> What is expected
From the first line to the last, write out the records exactly, leaving the pictures behind.

> Given records
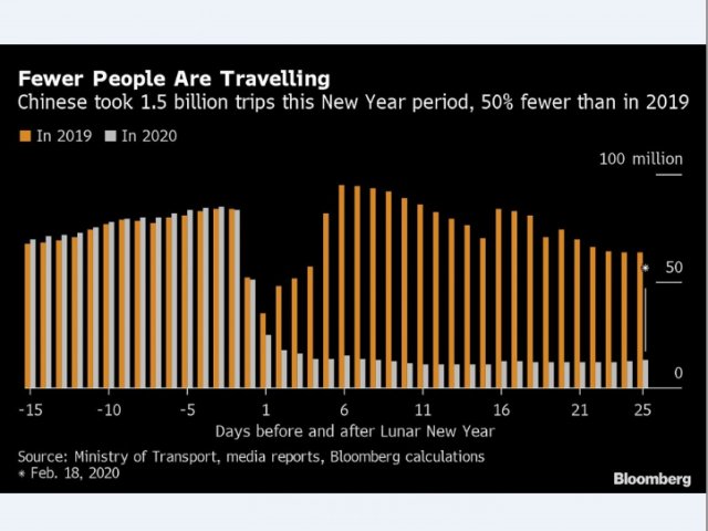 Броят на пътуванията със самолет, влак, автомобили и лодки в навечерието на Лунната нова година е бил същият както и в предходната година, но спадът след началото на годината на плъха на 25 януари е очевиден. Средно се предприемат едва около 20% от обичайния брой на пътуванията всеки ден, което значи, че милиони хора все още не са се върнали на работа. На автобусните линии на дълги разстояния е позволено да пътуват на една 50% от капацитета си, за да се ограничи разпространението на заразата. Това означава, че блокирането на бизнес процесите все още не е преодоляно. Около 80 милиона мигриращи работници са се върнали на работното си място, а още около 120 милиона ще се върнат до края на февруари, обяви представител на министерството на транспорта. Цели 100 милиона работници обаче ще се върнат на работното си място след началото на март.
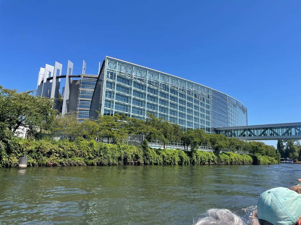 After some big kilometers and finally submitting to using the péages (our wallets are still wincing), we reached Strasbourg but there was nowhere to stay, so we slipped over the border to Zehl and stayed in a very convenient Stellplatz (German version of an Aires du Camping). The Stellplatz was only about 100m from the Rhine River, which forms the border and there was a very convenient tram that we could catch over the border into Strasbourg.
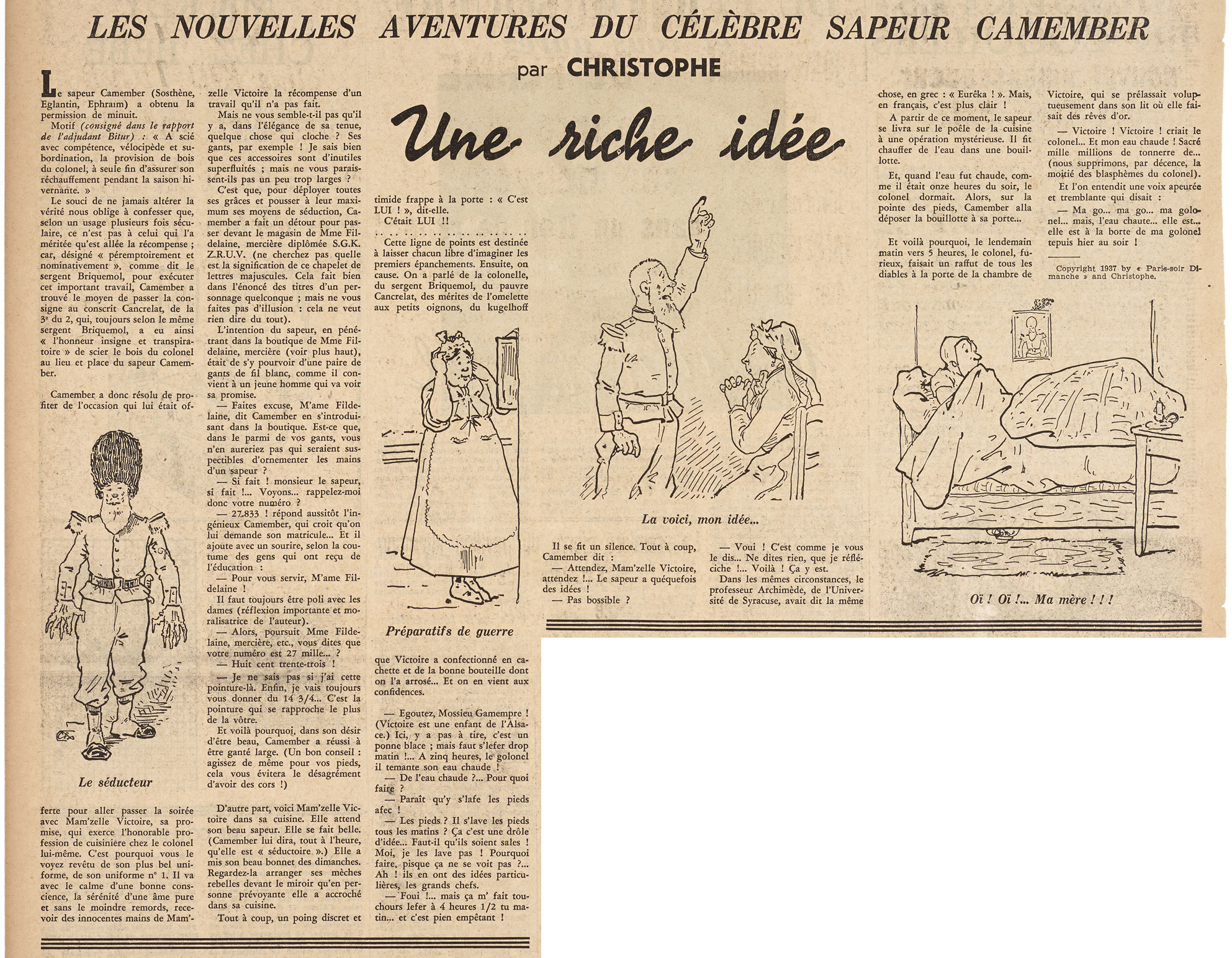 Dans cette même rubrique du Paris-Soir Dimanche, Christophe pubie le 17 janvier 1937 les « nouvelles aventures du célèbre sapeur Camember ». Le facétieux militaire au bonnet de poils reprend du service dans un épisode intitulé « Une riche idée ». Il ne s’agit pas d’une histoire en images comme celles parues dans Le Petit Français illustrée entre 1890 et 1896, mais d’un texte illustré de quatre dessins.
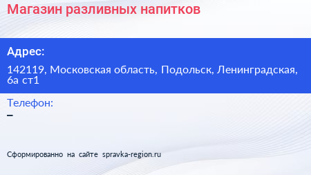 Магазин разливных напитков по адресу 142119, Московская область, Подольск, Ленинградская, 6а ст1 в дальнейшем Организация, размещена в следующих категориях:
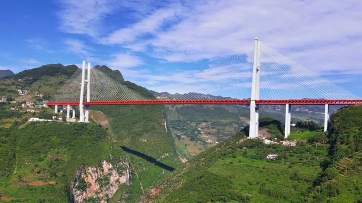 北盤江大橋作為一座懸索橋,在2003年建成之時是當時同類橋中的中國大陸第一亞洲第二。全長388公尺,距離水面486公尺,橫亙於兩山之間,足以見其之宏偉峻險。
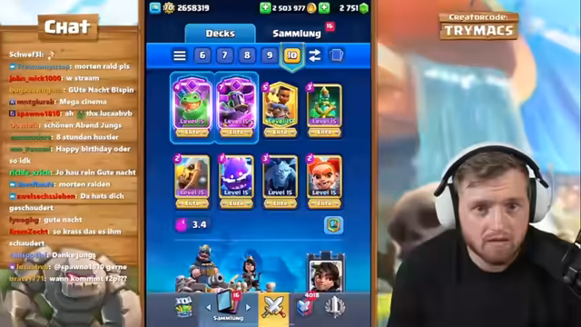 02:35:25Nach dem auf dem Free-to-Play Account kehrt der Streamer zum Level-1 Account zurück. Er testet verschiedene Evo-Decks, die er mit dem Creator Code 'Trymacs' unterstützt. Er möchte neue, noch nicht getestete Evo-Karten ausprobieren, wie z.B. den Evo-Kobold-Fass. Der Streamer möchte Decks finden, die mit den Level-1 Türmen und hochlevelten Evo-Karten besonders stark sind und bittet den Chat um Vorschläge für die nächsten Evolutionen.
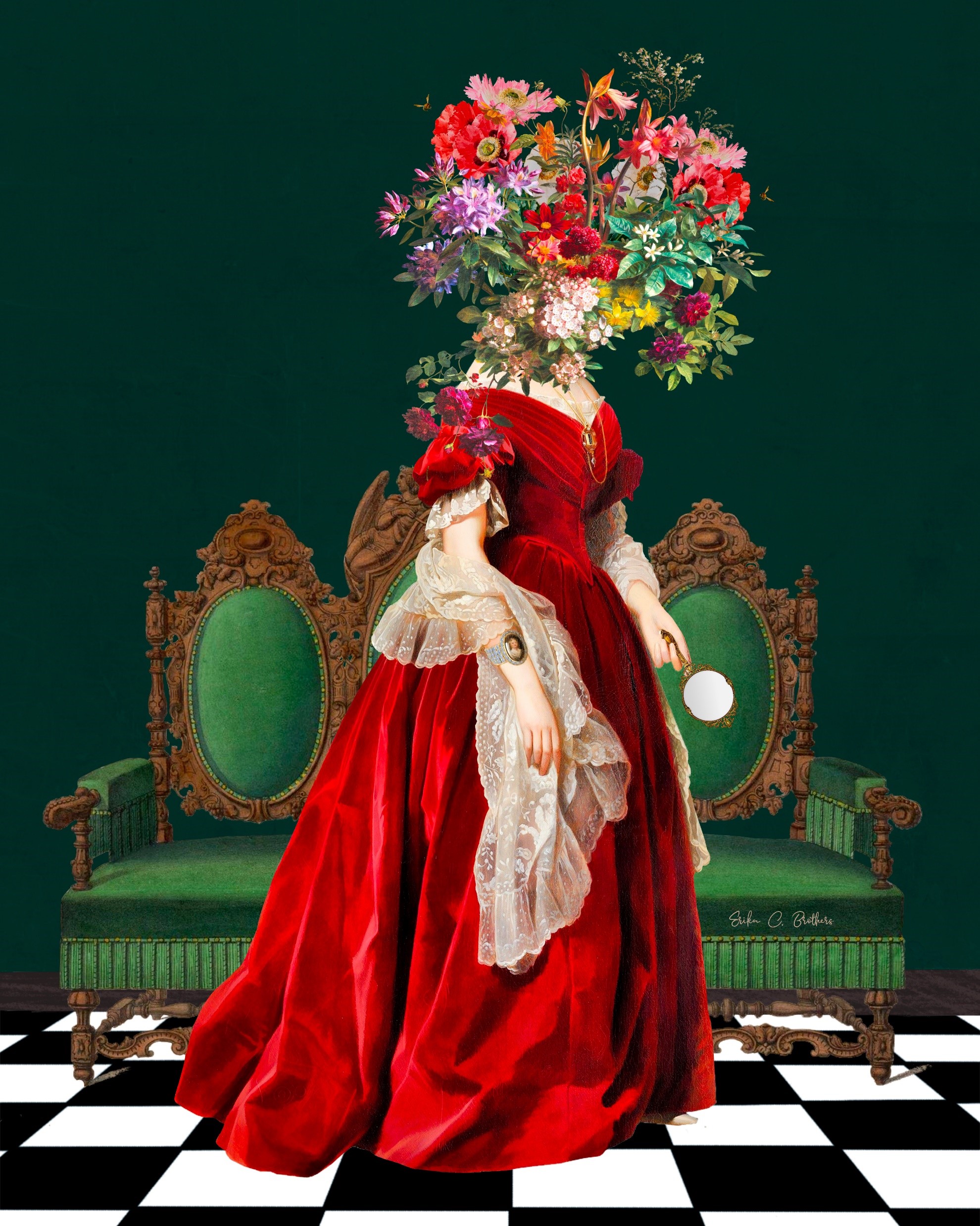 The woman’s pose is poised and graceful, with one hand delicately holding a small round mirror, and the other resting gently on her dress. Her posture, combined with the intricate gown, suggests an air of nobility and refinement, yet the surreal aspect of the portrait immediately captures the viewer’s attention: instead of a human head, a profusion of flowers erupts from her neck. This floral arrangement is vibrant and diverse, featuring a wide array of blossoms in various colors, including reds, pinks, purples, and greens. The flowers are depicted in meticulous detail, with petals, leaves, and stems intertwining and creating a sense of movement and life. This head of flowers adds a fantastical and whimsical element to the portrait, transforming it into a visual representation of nature and imagination merging with human form.
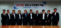 현대상선 노사가 회사 경쟁력 강화를 위해 한마음으로 뭉쳤다.현대상선은 해원노동조합(해상직원)이 '2017년도 정기 임금 및 단체협상(이하 임단협)'에서 임금 동결에 합의했다고 1일 밝혔다. 지난달 30일 열린 임단협에서 노사는 지난해에 이어 올해도 임금과 복
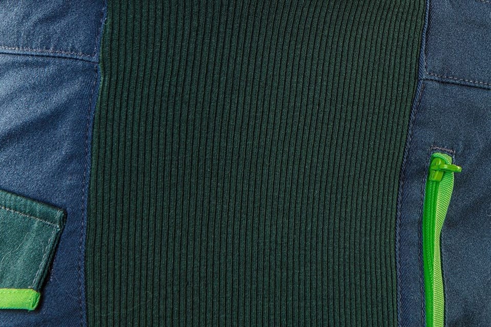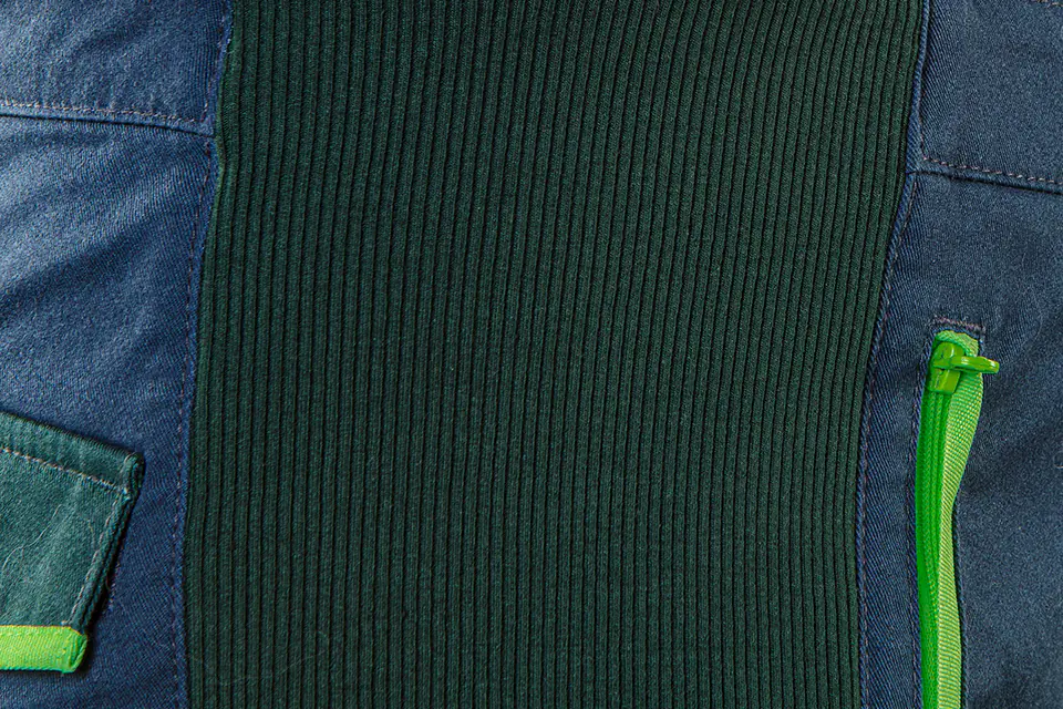 Ogrodniczki robocze PREMIUM, materiał główny 62% bawełna, 35% poliester, 3% elastan, gramatura 270 g/m2; dzianian ribowa 92% bawełna, 8% elastan, gramatura 360 g/m2, wzmocnienia Cordura, materiał z dodatkiem elastanu zwiększa komfort pracy, elastyczne panele po bokach zapewniają lepsze dopasowanie do sylwetki, wzmocnienie z Cordury na kolanach i piszczelach wraz z miękkim wypełnieniem zaszytym wewnątrz, wielofunkcyjne, pojemne kieszenie, profilowane kolana, odblaskowe nadruki oraz odblaskowy element na plecach, wewnętrzna wszywka imienna, unikalny projekt własny, Certyfikat CE, rozmiar XS

> Reply to the exercise
 Броят на пътуванията със самолет, влак, автомобили и лодки в навечерието на Лунната нова година е бил същият както и в предходната година, но спадът след началото на годината на плъха на 25 януари е очевиден. Средно се предприемат едва около 20% от обичайния брой на пътуванията всеки ден, което значи, че милиони хора все още не са се върнали на работа. На автобусните линии на дълги разстояния е позволено да пътуват на една 50% от капацитета си, за да се ограничи разпространението на заразата. Това означава, че блокирането на бизнес процесите все още не е преодоляно. Около 80 милиона мигриращи работници са се върнали на работното си място, а още около 120 милиона ще се върнат до края на февруари, обяви представител на министерството на транспорта. Цели 100 милиона работници обаче ще се върнат на работното си място след началото на март.
 After some big kilometers and finally submitting to using the péages (our wallets are still wincing), we reached Strasbourg but there was nowhere to stay, so we slipped over the border to Zehl and stayed in a very convenient Stellplatz (German version of an Aires du Camping). The Stellplatz was only about 100m from the Rhine River, which forms the border and there was a very convenient tram that we could catch over the border into Strasbourg.
 Dans cette même rubrique du Paris-Soir Dimanche, Christophe pubie le 17 janvier 1937 les « nouvelles aventures du célèbre sapeur Camember ». Le facétieux militaire au bonnet de poils reprend du service dans un épisode intitulé « Une riche idée ». Il ne s’agit pas d’une histoire en images comme celles parues dans Le Petit Français illustrée entre 1890 et 1896, mais d’un texte illustré de quatre dessins.
 Магазин разливных напитков по адресу 142119, Московская область, Подольск, Ленинградская, 6а ст1 в дальнейшем Организация, размещена в следующих категориях:
 北盤江大橋作為一座懸索橋,在2003年建成之時是當時同類橋中的中國大陸第一亞洲第二。全長388公尺,距離水面486公尺,橫亙於兩山之間,足以見其之宏偉峻險。
 02:35:25Nach dem auf dem Free-to-Play Account kehrt der Streamer zum Level-1 Account zurück. Er testet verschiedene Evo-Decks, die er mit dem Creator Code 'Trymacs' unterstützt. Er möchte neue, noch nicht getestete Evo-Karten ausprobieren, wie z.B. den Evo-Kobold-Fass. Der Streamer möchte Decks finden, die mit den Level-1 Türmen und hochlevelten Evo-Karten besonders stark sind und bittet den Chat um Vorschläge für die nächsten Evolutionen.
 The woman’s pose is poised and graceful, with one hand delicately holding a small round mirror, and the other resting gently on her dress. Her posture, combined with the intricate gown, suggests an air of nobility and refinement, yet the surreal aspect of the portrait immediately captures the viewer’s attention: instead of a human head, a profusion of flowers erupts from her neck. This floral arrangement is vibrant and diverse, featuring a wide array of blossoms in various colors, including reds, pinks, purples, and greens. The flowers are depicted in meticulous detail, with petals, leaves, and stems intertwining and creating a sense of movement and life. This head of flowers adds a fantastical and whimsical element to the portrait, transforming it into a visual representation of nature and imagination merging with human form.
 현대상선 노사가 회사 경쟁력 강화를 위해 한마음으로 뭉쳤다.현대상선은 해원노동조합(해상직원)이 '2017년도 정기 임금 및 단체협상(이하 임단협)'에서 임금 동결에 합의했다고 1일 밝혔다. 지난달 30일 열린 임단협에서 노사는 지난해에 이어 올해도 임금과 복
 Ogrodniczki robocze PREMIUM, materiał główny 62% bawełna, 35% poliester, 3% elastan, gramatura 270 g/m2; dzianian ribowa 92% bawełna, 8% elastan, gramatura 360 g/m2, wzmocnienia Cordura, materiał z dodatkiem elastanu zwiększa komfort pracy, elastyczne panele po bokach zapewniają lepsze dopasowanie do sylwetki, wzmocnienie z Cordury na kolanach i piszczelach wraz z miękkim wypełnieniem zaszytym wewnątrz, wielofunkcyjne, pojemne kieszenie, profilowane kolana, odblaskowe nadruki oraz odblaskowy element na plecach, wewnętrzna wszywka imienna, unikalny projekt własny, Certyfikat CE, rozmiar XS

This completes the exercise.